On the other side of Dundalk is Townparks Pharmacy, owned by pharmacist Barry Dwyer. He also remembers the border checks, but has not been concerned about the impact of a no-deal Brexit on his business. He questions whether the UK will leave the EU at all.

“I grew up here, I was born in 1982, I remember the British army on the border and being driven through checkpoints. That world is not coming back,” says Mr Dwyer (pictured below). “The only way Brexit can happen is if Northern Ireland rejoins the Republic of Ireland, and I don't think that’s going to happen.”

If Brexit does go ahead, he has been reassured by his trade union, the Irish Pharmacy Union, that the Irish authorities have prepared for any problems with medicine supply. “In terms of my day-to-day business, [preparing for] Brexit hasn't affected me. I feel like what is the point in planning? I can’t deal in unknowns.”

The unknown remains an irksome factor, however. Mr Dwyer says that even if Brexit does happen, "nobody has a clue" when it will or in what shape.

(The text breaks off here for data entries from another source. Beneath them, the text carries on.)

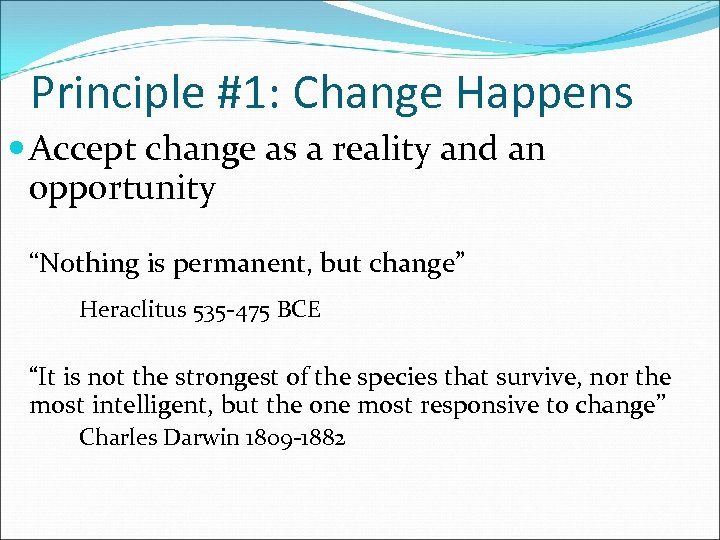 Principle #1: Change Happens Accept change as a reality and an opportunity “Nothing is permanent, but change” Heraclitus 535‐ 475 BCE “It is not the strongest of the species that survive, nor the most intelligent, but the one most responsive to change” Charles Darwin 1809‐ 1882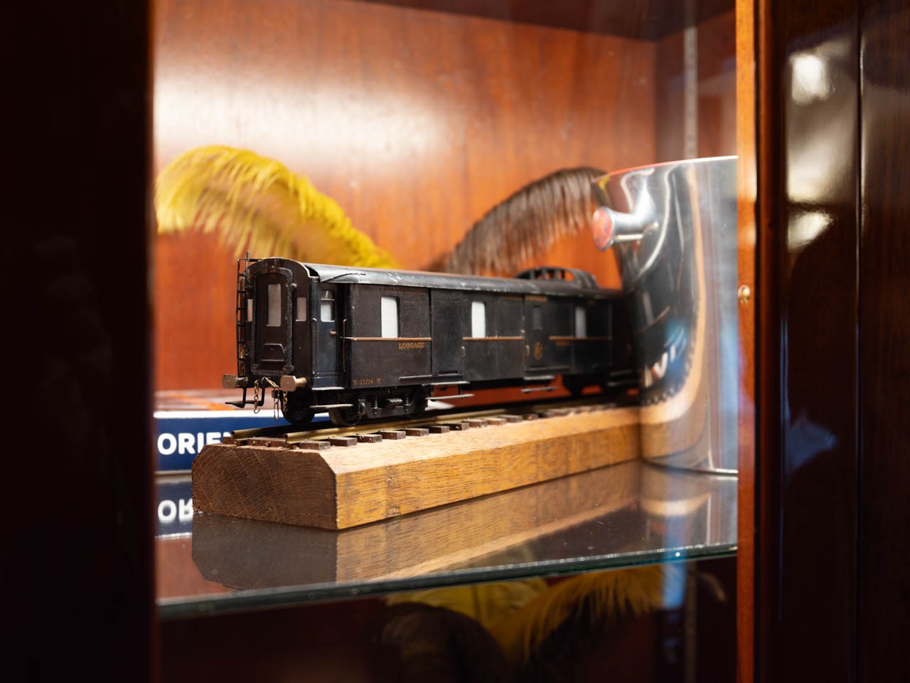 バー車《Train Bleu》のデッキには、オリエント急行にまつわるグッズがショーケースに収められていた。往年の荷物車を模した模型は、豪華列車の物語を手のひらの中に閉じ込めている。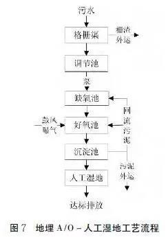 適用于地勢(shì)條件易于集水污水并能通過(guò)自流出水的且規(guī)模適中的村莊,處理規(guī)模20~200t/天。工藝參數(shù):缺氧池停留時(shí)間不小于4h,好氧池停留時(shí)間不小于6h,污泥清理周期180天,人工濕地水力負(fù)荷0.5~1.0m3/(m2˙d),工藝流程見(jiàn)圖7。
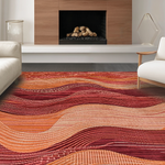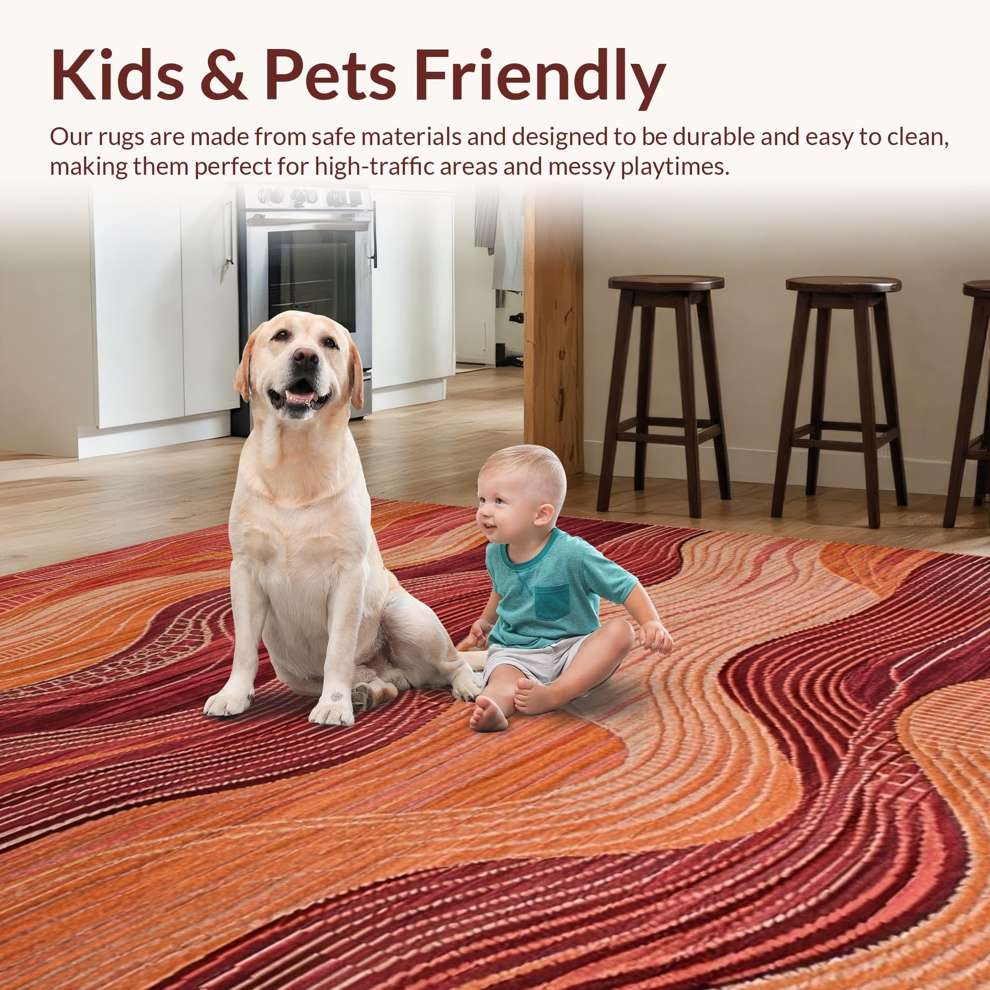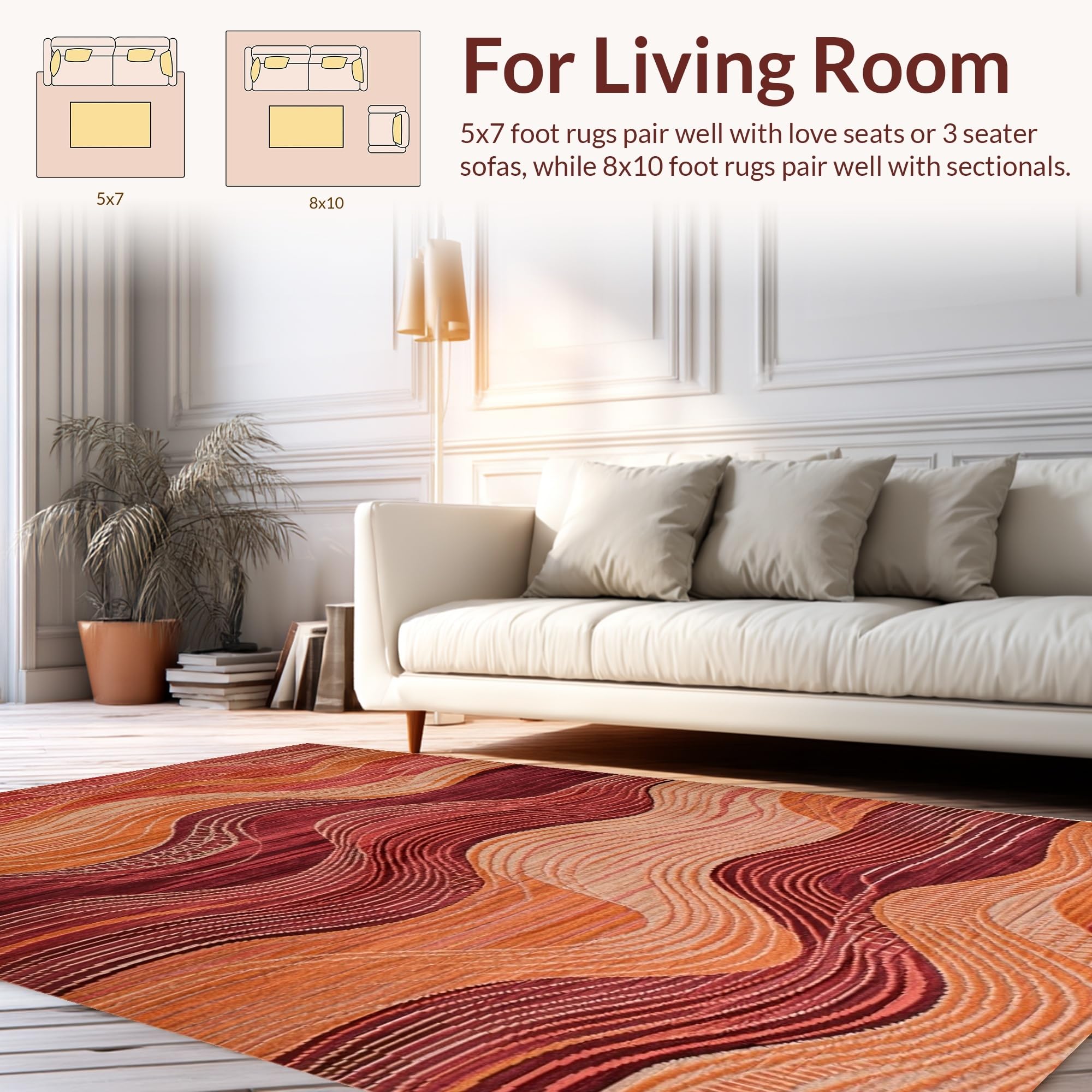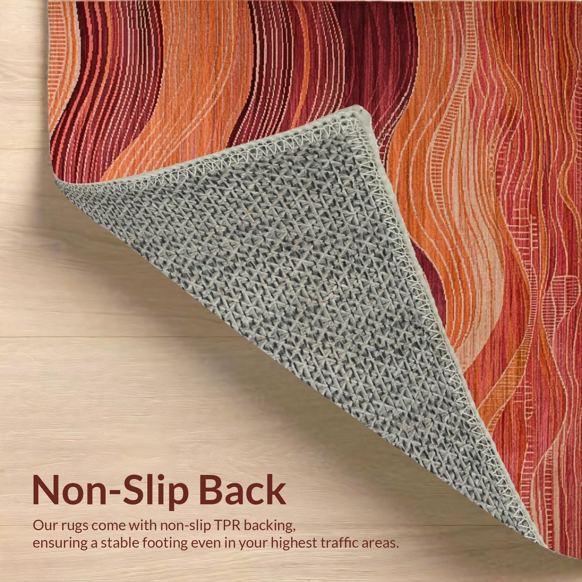 Ultra Soft Area Rug, Non Slip, Stain Resistant, Washable Area Rugs for Living Room, Bedroom, Ornate Turquoise Striped Aesthetic(Red) Overview: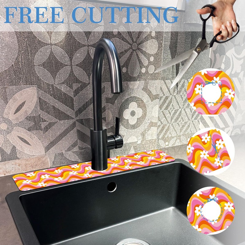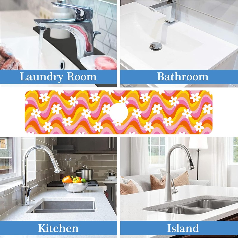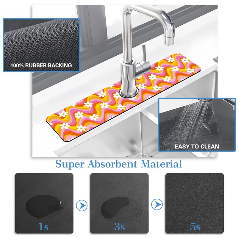 Faucet Mat Splash Guard Retro Floral Daisy, Soft Diatom Mud Material, Strong ...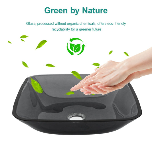 Artistic Tempered Glass Vessel Sink With Faucet And Pop Up Drain - Matte Black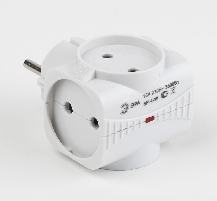 Разветвитель электрический Эра SP-4-W без заземления, 4 розетки, белый. Если в Вашем доме недостаточно розеток, чтобы о дновременно подключить несколько электроприборов, то тройник марки Эра станет Вашим надежным помощником. Электрический разветвитель расчитан на максимальную мощность 16А/3500Вт. Корпус выполнен из ударопрочного и негорючего пластика (поликарбонат). Модель тройника на 16А позволяет подключить мощные бытовые приборы общей нагрузкой до 3500Вт. Не бойтесь включить чайник, обогреватель или микроволновку. Дизайн разработан в России командой Эра Style.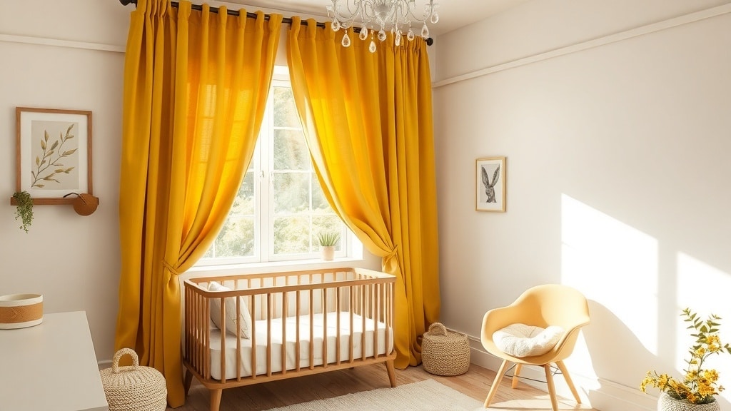 Pairing these window treatments with light-colored walls and a simple crib enhances the nursery’s peaceful vibe. The soft textures of the curtains and the plush rug on the floor create a welcoming environment. This setup is ideal for quiet moments, whether it’s reading a bedtime story or enjoying a peaceful nap.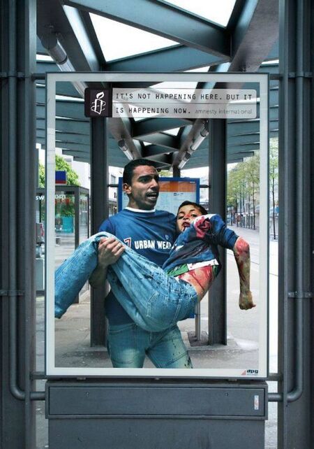 Эта работа посвящена анализу кампании Amnesty International «Not Here, But Now», в которой страдания людей из зон конфликтов намеренно «переносятся» в привычную городскую среду. Кампания разрушает эмоциональную дистанцию между зрителем и чужой трагедией, ломая привычный визуальный порядок.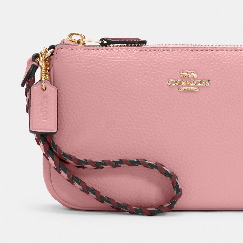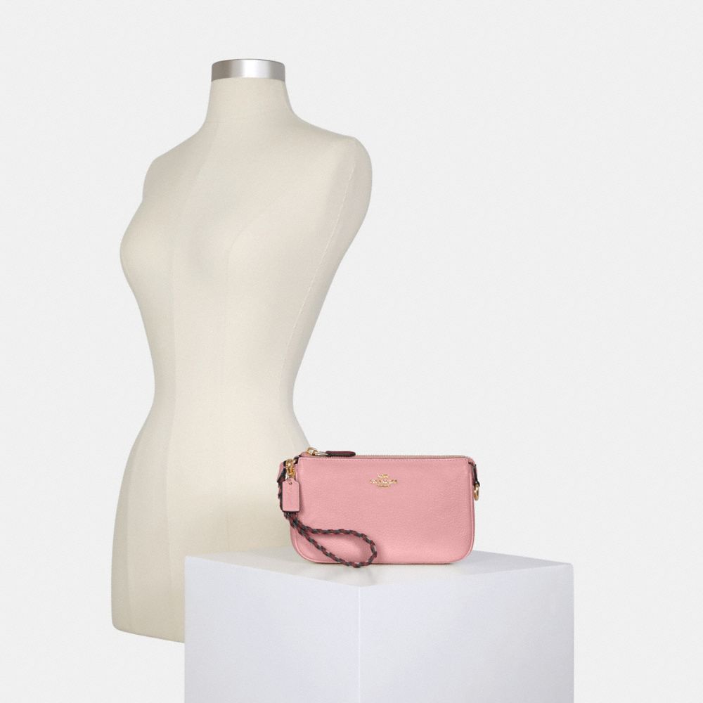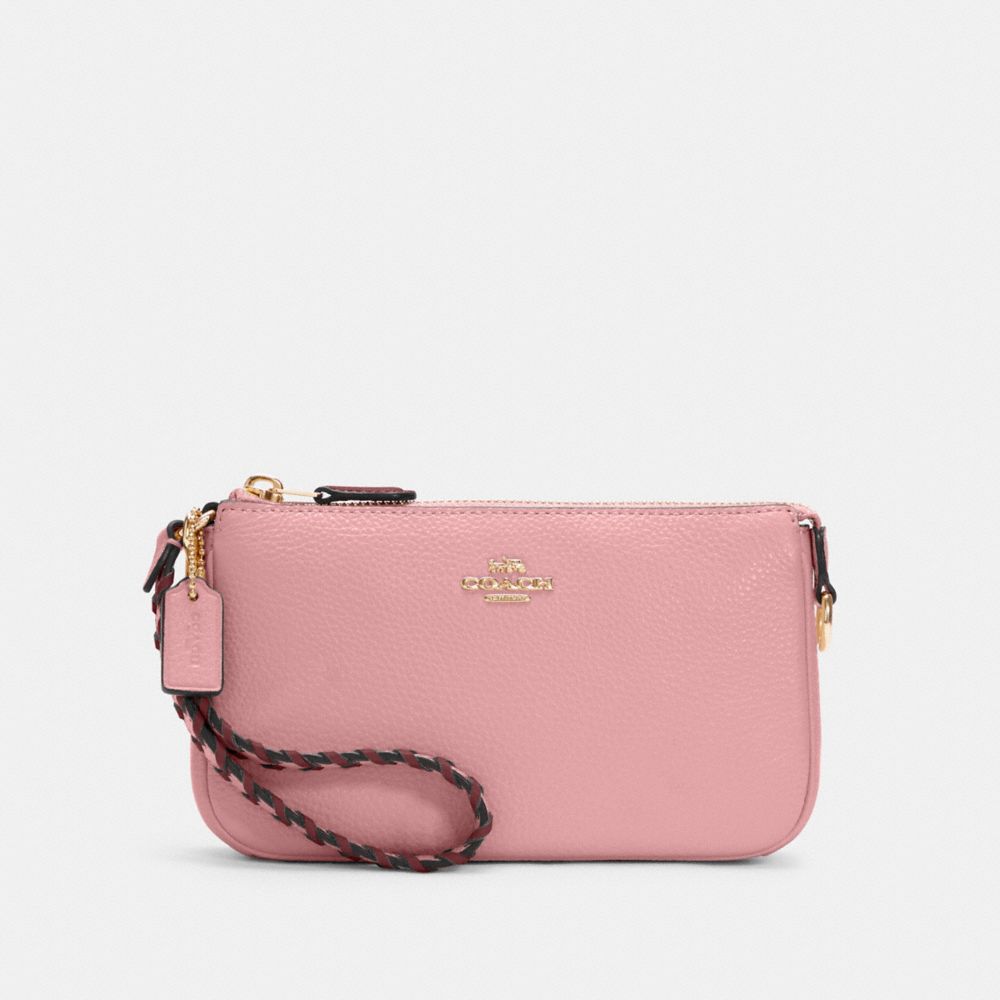 Refined pebble leather and smooth leather| Two credit card slots| Inside multifunction pocket| Zip-top closure, fabric lining| Handle with 6 1/4" drop| 7 1/2" (L) x 4 1/2" (H) x 2" (W)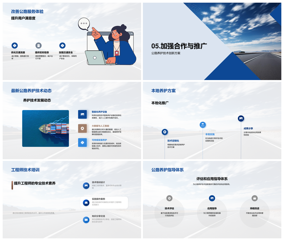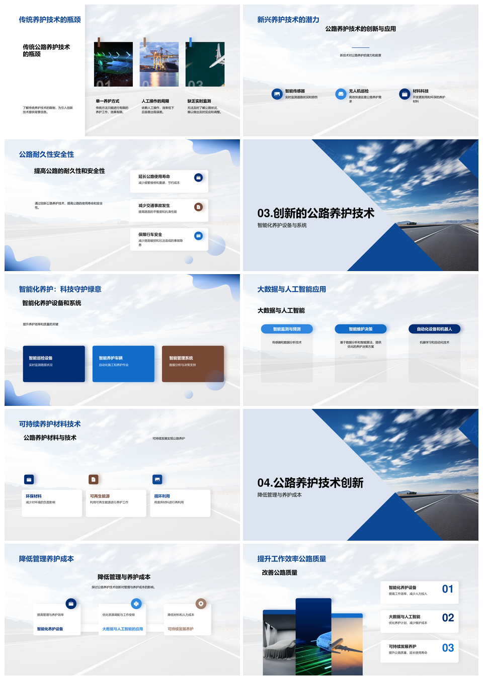 这是一张智能公路养护技术创新提升质量效率耐久性PPT模板,包含智能公路、养护技术、创新、提升、质量、效率、耐久性等主题内容,也可用作智能公路养护技术、公路养护技术创新、技术创新提升质量、提升质量效率耐久性、智能公路养护、公路养护技术、养护技术创新、技术创新提升、创新提升质量、提升质量效率、质量效率耐久性、智能公路、养护技术、技术创新、质量效率等PPT场景使用。 风云办公提供的智能公路养护技术创新提升质量效率耐久性PPT模板,下载格式为pptx,一共24页,作品中文字及图均可以修改和编辑,图片更改请在作品中右键图片并更换,文字修改请直接点击文字进行修改。

Mr Dwyer’s patients have been equally unfazed by Brexit. He says this may be because, should shortages occur in Ireland, patients could make the 15-minute drive to a pharmacy over the border to get their medicine.

Republic of Ireland: Galway

Chris Quinn, a locum pharmacist, lives in Galway in the west of Ireland. He is concerned about the potential for delays on a hard border in the event of a no-deal.

When commuting from his parents' home in Beragh, Northern Ireland to a pharmacy in County Cavan, Republic of Ireland, he crossed the border five times. A hard border would lengthen journeys such as these, which usually take around an hour. But Mr Quinn says it’s “the unknown” that worries him most.

Republic of Ireland: Dundalk

Back in Dundalk, pharmacist Susan Griffin works at McCormack’s Pharmacy. She has a “big concern” about finding locum cover after Brexit.

The pharmacy employs two locum pharmacists from Northern Ireland. Ms Griffin (pictured below) has a week’s holiday booked off in November, and is uncertain about whether they will be able to cover her.

Although she doesn’t know what will happen, she’s not stressed by the potential impact of a no-deal Brexit. “I don't think there’s any point in being worried, because it’s not going to [help],” she says.

Maddy Nelson, a pharmacy student at Queen’s University, works part-time at McCormack’s. She is also not panicking about Brexit.

“There is no point stressing out when I am just going into second year.” By the time she qualifies as a pharmacist, everything Brexit-related “could sort itself out”, she says.

The community pharmacists C+D visits on both sides of the border have similar concerns, ranging from the potential loss of business to medicine shortages and workforce problems. The uncertainty makes it impossible for them to prepare, but they retain an optimistic outlook, rolling with the political punches to ensure the survival of their patient service.